Линии Маннергейма. Письма и документы, тайны и открытия

22
18
20
22
24
26
28
30

Насчет своего убежденного противостояния русификации Маннергейм, мягко говоря, преувеличивает: он никак не проявлял тогда своих взглядов, – разве что в письмах к родным. Впрочем, на то и мемуары – прошлое трактуется в несколько ином свете. Судьба Польши не могла не вызывать в нем сочувствия, он сравнивал ситуацию своей законопослушной родины и этой всегда готовой к бунту страны: сопротивление поляков не раз жестоко подавлялось имперской Россией – как, например, восстание 1863 года при «добром» императоре Александре II, столь благосклонном к Финляндии и так любимом финнами. Положение Финляндии до тех пор было гораздо менее зависимым, но теперь чувствовалось, что это ненадолго: оправившись после потрясения, вызванного революцией, российское правительство вновь начало последовательное наступление на автономные права Финляндии. Хотя должность министра-статс-секретаря с 1906 года занимал уроженец Финляндии Август Лангоф[126], как и полагалось по финским законам, роль его с 1907 года стала почти бутафорской. Ранее министр-статс-секретарь являлся посредником между Финляндией и метрополией: обо всех делах, касавшихся Великого княжества Финляндского, он докладывал прямо государю; теперь же все финляндские дела предварительно рассматриваются российским правительством. Все новые постановления, касавшиеся Финляндии, прежде чем вступить в силу, подавались ранее на утверждение финляндскому сенату, но в 1910 году Дума приняла, а император утвердил закон «О порядке издания касающихся Финляндии законов и постановлений общегосударственного значения». Отныне почти все дела, касающиеся Финляндии, подлежали рассмотрению в российских законодательных органах, и финляндский сенат фактически лишился возможности влиять на судьбу своей страны. Еще через два года подданные России получают в Финляндии права, равные с коренным населением: это касается официальных должностей, торговли и многого другого. Это нарушало все законы страны – в Великом княжестве Финляндском по Форме правления 1772 года, бывшей в силе до тех пор, в сенат могли назначаться только уроженцы Финляндии. Финляндцы чувствовали себя ущемленными, недовольство росло; возникали организации, готовившиеся к вооруженному сопротивлению.

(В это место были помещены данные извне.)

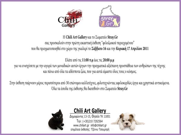 Πριν από λίγους μήνες η καλλιτεχνική διευθύντρια της Chili Art Gallery, Τζέννυ Τσουμπρή είχε την ιδέα να καλέσει καλλιτέχνες, συνεργάτες της γκαλερί και μη, για να φιλοτεχνήσουν κάποια έργα αλλά και χρηστικά αντικείμενα (περιλαίμια, λουράκια, μπολ φαγητού, ρουχαλάκια κλπ), με σκοπό να πουληθούν σε μία έκθεση «φιλοζωικού περιεχομένου», η οποία θα πραγματοποιηθεί και θα διαρκέσει από το Σάββατο 16 έως και την Κυριακή 17 Απριλίου 2011.

Барон Маннергейм, хотя и следит за событиями на родине, все же искренне предан императору и к тому же не склонен приносить свою карьеру в жертву патриотическим идеям. Он живет интересами армии, жизнью свитского генерала и светского льва. Он вхож в дома самых родовитых польских аристократов: Тышкевичей, Потоцких, Любомирских. С князем Здиславом Любомирским они знакомы еще по Петербургу. С его женой Марией, урожденной Браницкой[127], барона Маннергейма связывают отношения явно более теплые, чем простая дружба. Переписка с княгиней Любомирской, начавшаяся во время Первой мировой войны, свидетельствует о близости, по крайней мере, духовной. Дружба продолжалась и после того, как судьба разлучила их. В письмах можно найти лишь отзвуки романа, на который намекают почти все биографы маршала. Разумеется, в то время и при тех обстоятельствах барон Маннергейм и его высокородная корреспондентка не могли писать о своих чувствах откровеннее. Маннергейм находился на переднем крае фронта, почта работала с перебоями, да и вряд ли эти двое хотели доверить военной цензуре свои сокровенные мысли. Поэтому послания, которыми они начали обмениваться с первых же дней войны, шли с оказией и не всегда доходили. Возможно, что какие-то, самые интимные из них, были уничтожены. Несомненно одно: Маннергейм дорожил этими отношениями, до конца жизни помнил Марию Любомирскую и хранил ее письма.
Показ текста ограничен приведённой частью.